In such an attempt, **BikeIndia** aspires to understand the demand for shared bikes among the people after this ongoing quarantine situation ends across the nation due to Covid-19. They have planned this to prepare themselves to cater to the people's needs once the situation gets better all around and stand out from other service providers and make huge profits.

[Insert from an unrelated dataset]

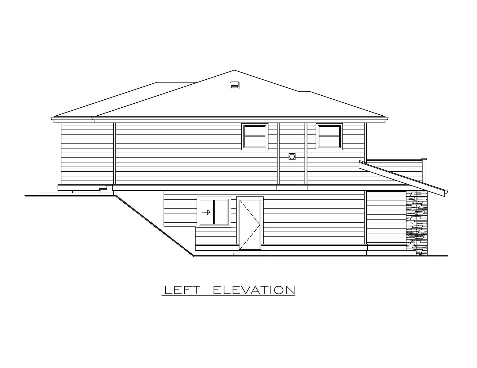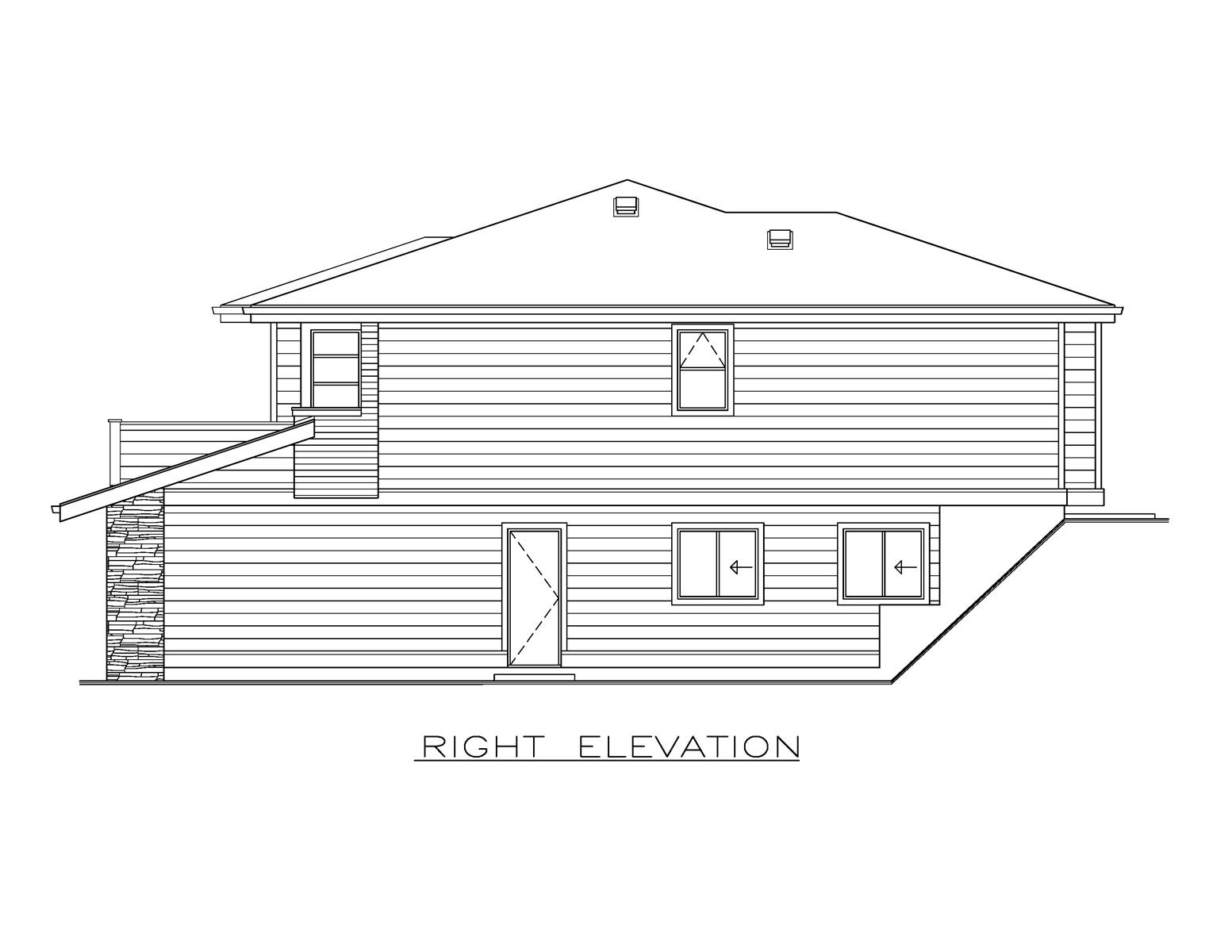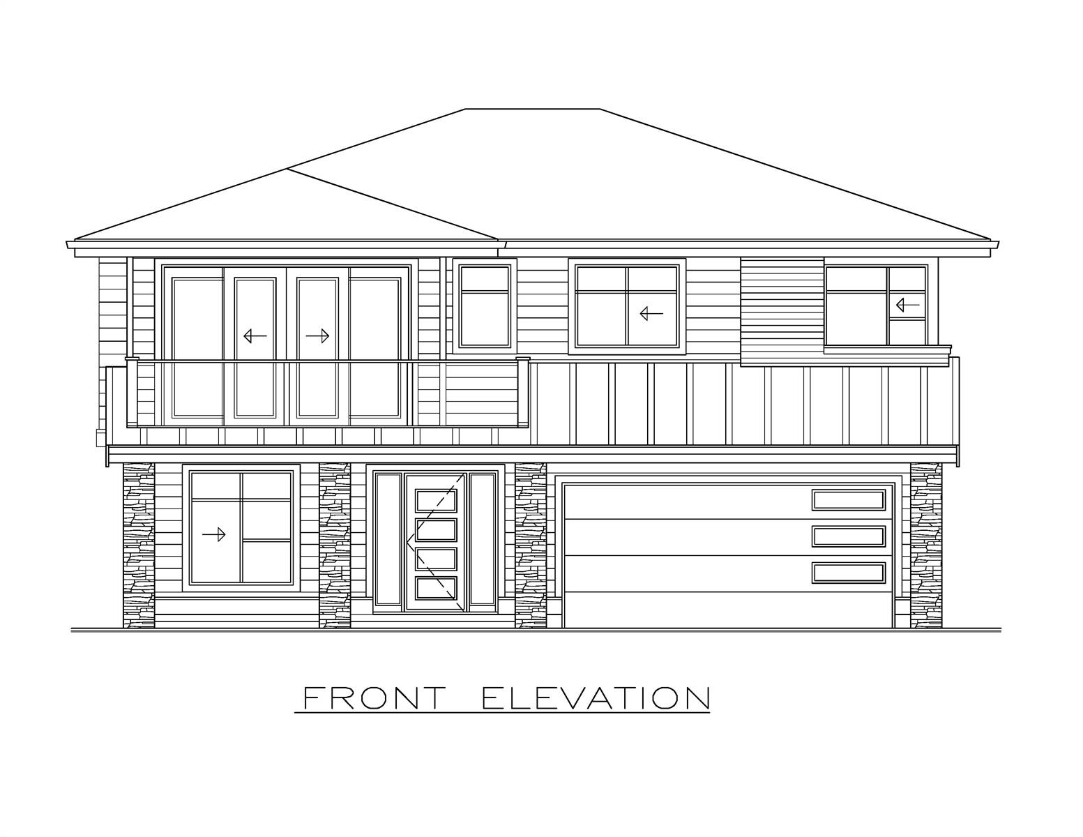 House Plan 11936 delivers a versatile two level layout designed to adapt to changing household needs. The main living spaces are located on the upper floor, creating bright, elevated views and seamless indoor outdoor flow, while the ground level offers a den and the option for a future two bedroom secondary suite. A covered front entry leads into a practical foyer with built in seating and storage, with the den positioned nearby and outfitted with a closet for added flexibility. Upstairs, the great room features a refined tray ceiling and a gas fireplace, anchoring the open living, dining, and kitchen areas. Sliding doors open to a front balcony with glass railing, while the dining area connects to a rear patio overlooking the backyard. The kitchen includes ample counter space, a corner pantry, and a central island with double sink that encourages easy conversation and everyday functionality. The primary suite is tucked away at the back of the home for privacy and includes a spacious ensuite with dual sinks, a shower stall, and a walk in closet with private access. Two front facing bedrooms share a three piece bathroom, with laundry and storage thoughtfully placed close by. A double garage connects directly to the foyer and provides additional access to the side yard and mechanical room. Finished with stucco, stone, and wood accents, along with mixed rooflines and decorative pilasters, this home offers 1,423 square feet of upper level living space with nine foot ceilings throughout.

They have contracted a consulting company to understand the factors on which the demand for these shared bikes depends. Specifically, they want to understand the factors affecting the demand for these shared bikes in the American market. The company wants to know:

Which variables are significant in predicting the demand for shared bikes.
How well those variables describe the bike demands
Based on various meteorological surveys and people's styles, the service provider firm has gathered a large dataset on daily bike demands across the American market based on some factors.

#### Business Goal:

We are required to model the demand for shared bikes with the available independent variables. It will be used by the management to understand how exactly the demands vary with different features. They can accordingly manipulate the business strategy to meet the demand levels and meet the customer's expectations. Further, the model will be a good way for management to understand the demand dynamics of a new market.


---

### Data Dictionary
- **instant:** Record index.
- **dteday:** Date in `dd-mm-yyyy` format.
- **season:** Season of the year (1 = Spring, 2 = Summer, 3 = Fall, 4 = Winter).
- **yr:** Year (0 = 2018, 1 = 2019).
- **mnth:** Month of the year (1 = January, ..., 12 = December).
- **holiday:** Indicates whether the day is a holiday (1 = Holiday, 0 = Not a Holiday).
- **weekday:** Day of the week (0 = Sunday, ..., 6 = Saturday).
- **workingday:** Indicates whether the day is a working day (1 = Working Day, 0 = Weekend or Holiday).
- **weathersit:** Weather situation:
  - 1: Clear, Few clouds, Partly cloudy.
  - 2: Mist + Cloudy, Mist + Few clouds.
  - 3: Light Snow, Light Rain, Thunderstorm, Scattered clouds.
  - 4: Heavy Rain, Ice Pellets, Snow, Fog.
- **temp:** Actual temperature in Celsius (normalized in the dataset).
- **atemp:** Perceived or "feeling" temperature in Celsius.
- **hum:** Humidity percentage.
- **windspeed:** Wind speed.
- **casual:** Count of casual users renting bikes.
- **registered:** Count of registered users renting bikes.
- **cnt:** Total count of rentals (sum of `casual` and `registered`).

---


##  Reading and Understanding the Data


In [1]:
# Supress Warnings

import warnings
warnings.filterwarnings('ignore')


In [2]:
import numpy as np
import pandas as pd
import matplotlib.pyplot as plt
import seaborn as sns
from sklearn.model_selection import train_test_split
from sklearn.preprocessing import MinMaxScaler
import statsmodels.api as sm
from sklearn.feature_selection import RFE
from sklearn.linear_model import LinearRegression
from statsmodels.stats.outliers_influence import variance_inflation_factor
from sklearn.metrics import r2_score

In [3]:
bike = pd.DataFrame(pd.read_csv("day.csv"))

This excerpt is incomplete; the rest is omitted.